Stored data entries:
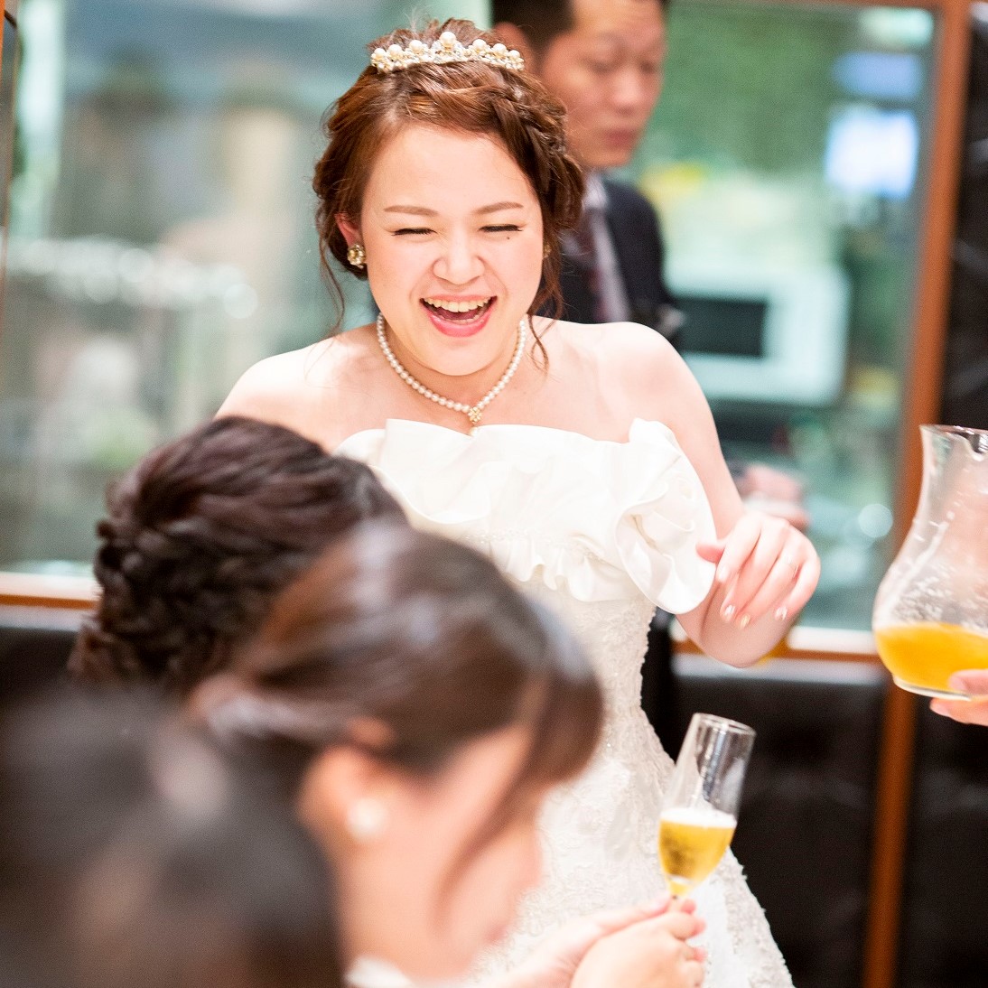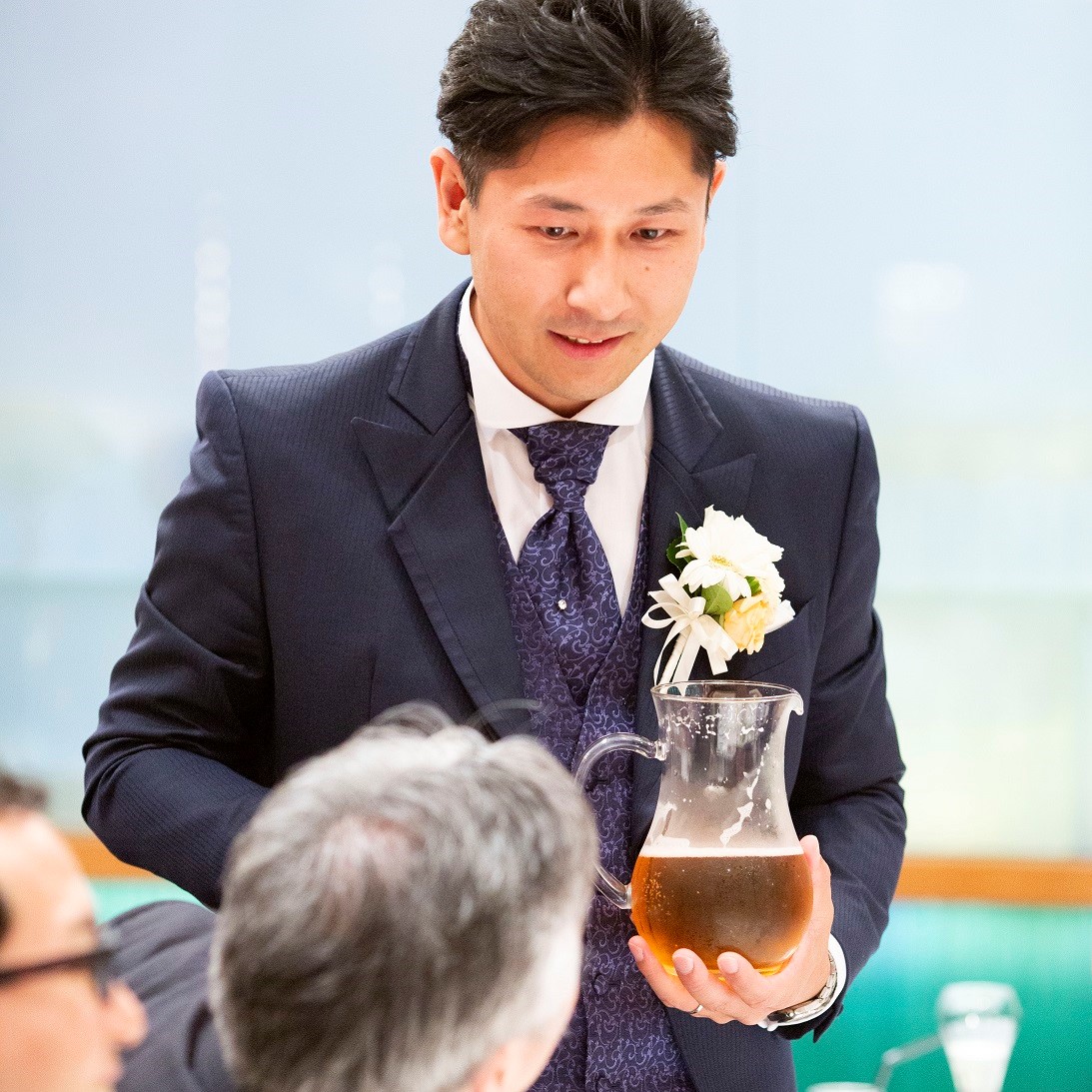 私達は、出席させていただいた式で、久々に新郎新婦と会ったのに全然話が出来なくて、寂しく思った経験がありました。そのため自分達は、スピーチやケーキカットなどはせず雛壇に居る時間を短くし、ゲストの方々の所へ行き、お酌をしたりゆっくり一人一人と話をしたり、写真を撮って周りました。
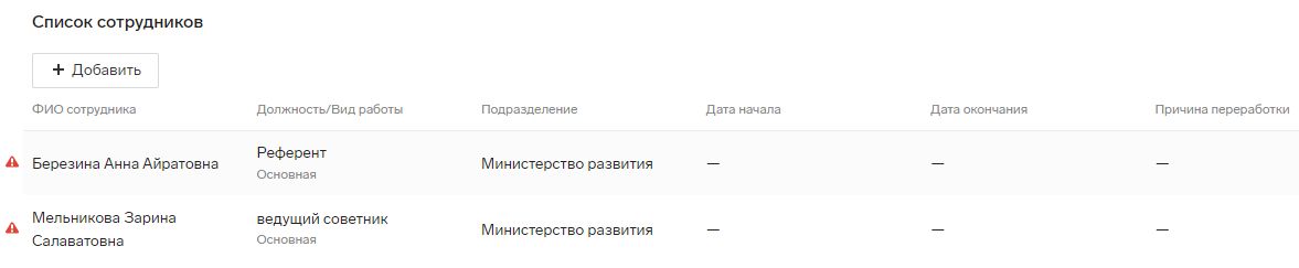 - Под списком сотрудников нажмите «+ Добавить».
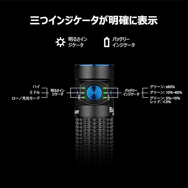 {明るさとバッテリー残量の表示+高耐久性} お客様の利便性をさらに高めるため、小型懐中電灯Baton4は新しい技術を使用して、金属ボタン上にパネルを作成し、明るさと電力の残量を簡潔に表示することができます。フル充電すると、月光モードで最大30日連続使用可能です。点灯モードによって持続時間は異なります。緊急時や停電時の対応、日常生活で幅広く活用することができます。また、保護板を内蔵し、新型バッテリーを採用し、Baton 3に比べて安全保護レベルが高くなり、バッテリの容量も18%アップしています。予備電源としての充電ケースとの併用で、暗闇の中で突然懐中電灯の電力が切れてしまう心配がなく、安心感が高まっていきます
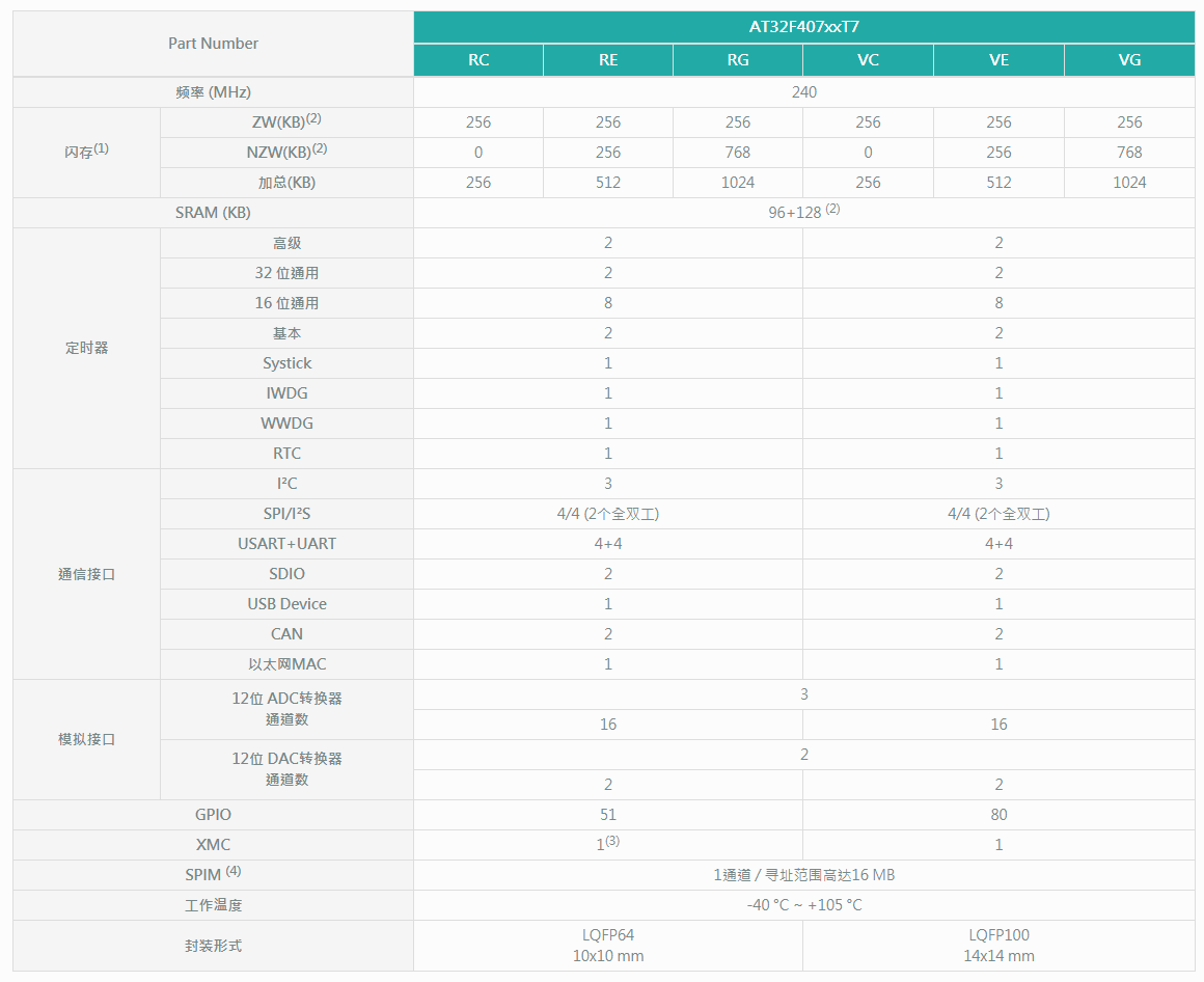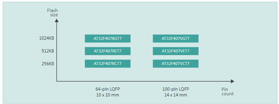 ARM Cortex®-M4F AT32F407 系列 产品列表
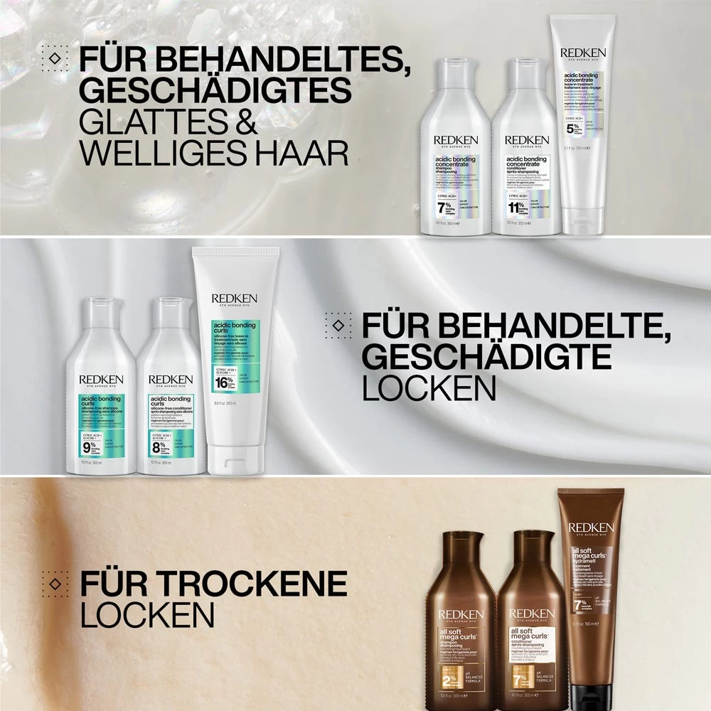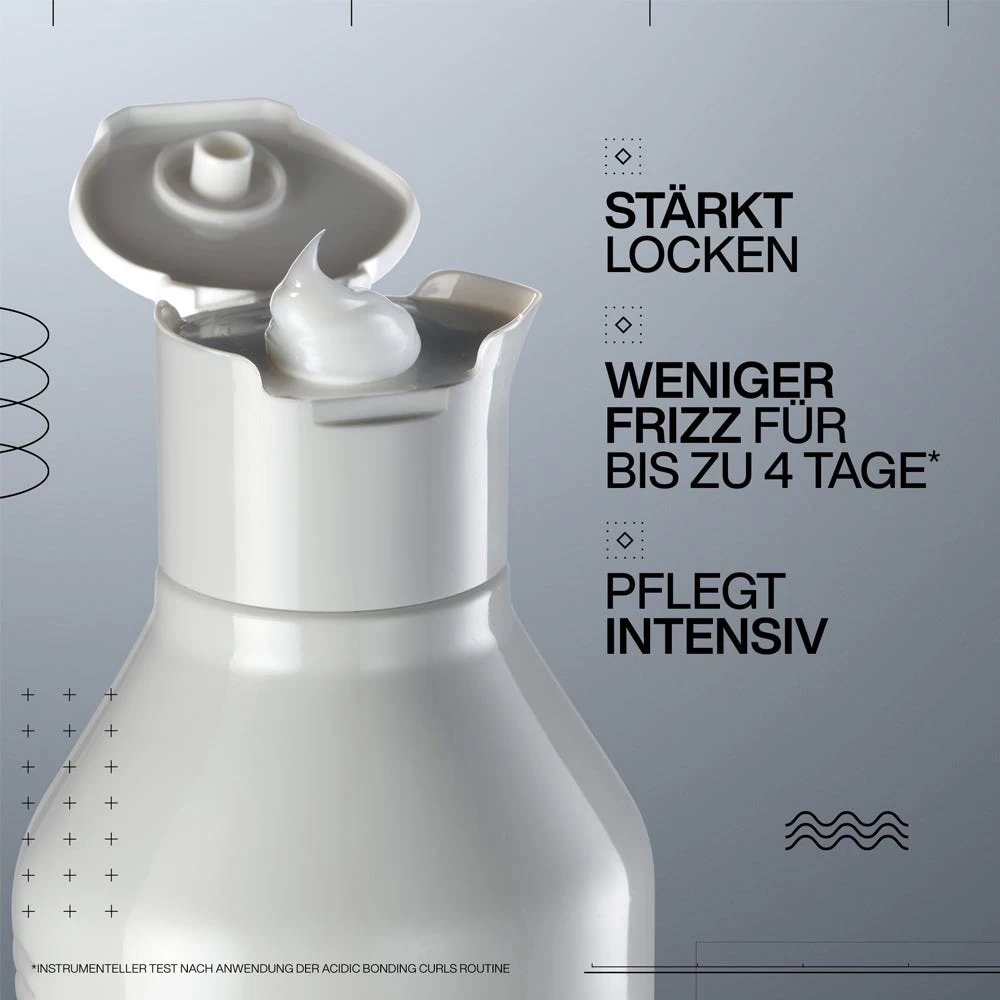 Der Redken Acidic Bonding Curls Conditioner ist ein silikonfreier Conditioner zur Regeneration der Struktur von behandelten, geschädigten Locken. Die ph-Wert ausgleichende und mit Zitronensäure und Glycin angereichert Formel ist perfekt auf lockiges Haar abgestimmt und sorgt für somit für einen tiefenwirksamen und sofortigen Regenerationseffekt. Zusätzlich stärkt der enthaltene Bonding-Care Komplex geschwächte Brückenbindungen innerhalb der Haarfaser und stellt somit eine gesunde Lockenstruktur wieder her. Für gesündere, mit Feuchtigkeit versorgte und definierte Locken nach nur 1 Anwendung.
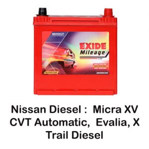 Exide Mileage 50Ah MLDIN 50 (Warranty : (30F+25P) – 55 Months)

*YOUR OBJECTIVE:*
Start with the first line of the records above and end with the line containing "- Под списком". Output those lines exactly, pictures excluded.

*OUTPUT FOR THIS TASK:*
 私達は、出席させていただいた式で、久々に新郎新婦と会ったのに全然話が出来なくて、寂しく思った経験がありました。そのため自分達は、スピーチやケーキカットなどはせず雛壇に居る時間を短くし、ゲストの方々の所へ行き、お酌をしたりゆっくり一人一人と話をしたり、写真を撮って周りました。
 - Под списком сотрудников нажмите «+ Добавить».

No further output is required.